MS affects the ability of nerve cells in the brain and spinal cord to communicate with each other effectively. Nerve cells communicate by sending electrical signals called action potentials down long fibers called axons, which are contained within an insulating substance called myelin. In MS, the body's own immune system attacks and damages the myelin. When myelin is lost, the axons can no longer effectively conduct signals. The name multiple sclerosis refers to scars (scleroses—better known as plaques or lesions) particularly in the white matter of the brain and spinal cord, which is mainly composed of myelin. Although much is known about the mechanisms involved in the disease process, the cause remains unknown. Theories include genetics or infections. Different environmental risk factors have also been found.

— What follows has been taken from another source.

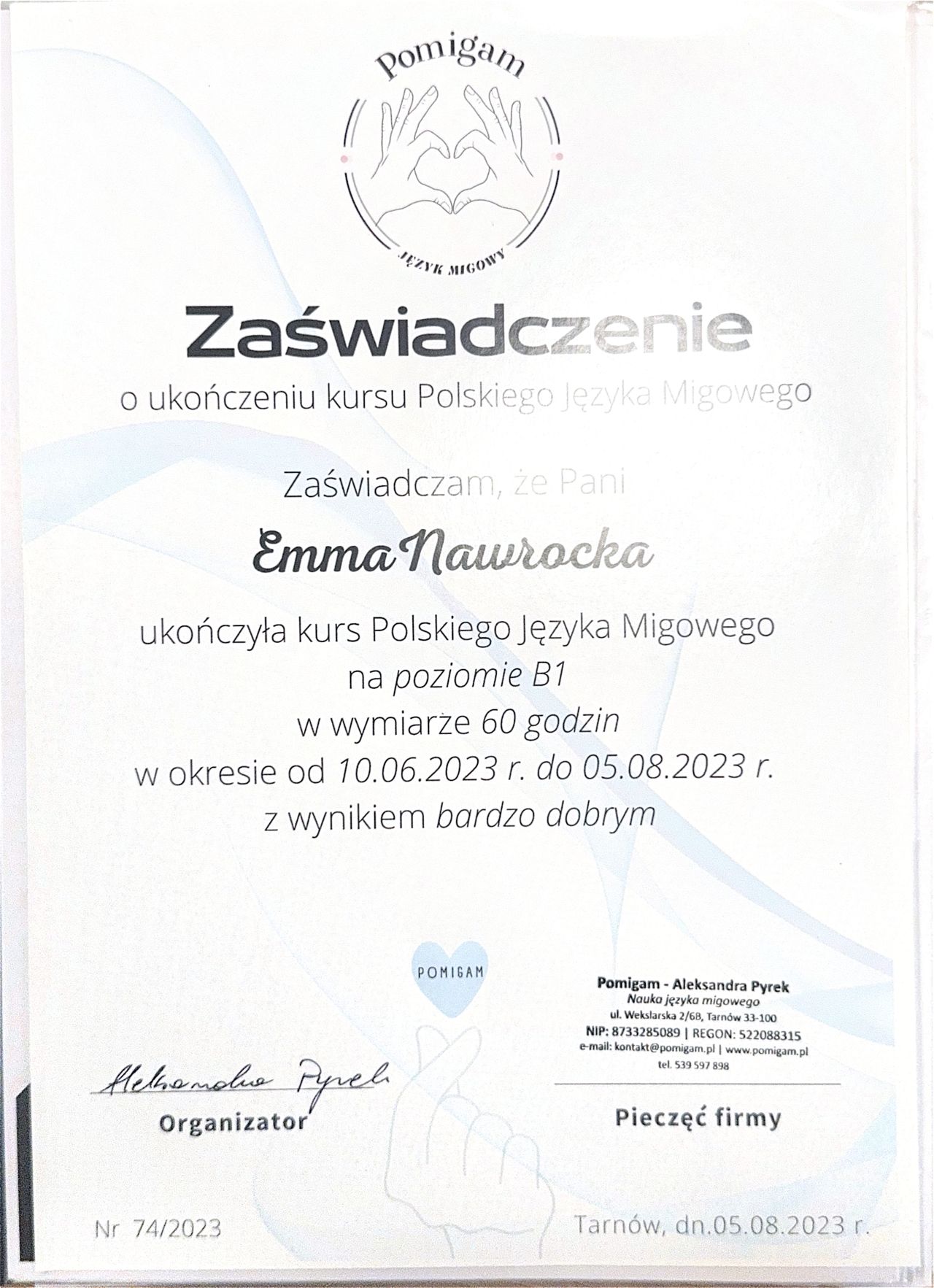 W jakich językach konsultuje Emma Nawrocka?Języki, których używa Emma Nawrocka to polski.

Almost any neurological symptom can appear with the disease, and often progresses to physical and cognitive disability. MS takes several forms, with new symptoms occurring either in discrete attacks (relapsing forms) or slowly accumulating over time (progressive forms). Between attacks, symptoms may go away completely, but permanent neurological problems often occur, especially as the disease advances.

There is no known cure for multiple sclerosis. Treatments attempt to return function after an attack, prevent new attacks, and prevent disability. MS medications can have adverse effects or be poorly tolerated, and many patients pursue alternative treatments, despite the lack of supporting scientific study. The prognosis is difficult to predict; it depends on the subtype of the disease, the individual patient's disease characteristics, the initial symptoms and the degree of disability the person experiences as time advances. Life expectancy of people with MS is 5 to 10 years lower than that of the unaffected population.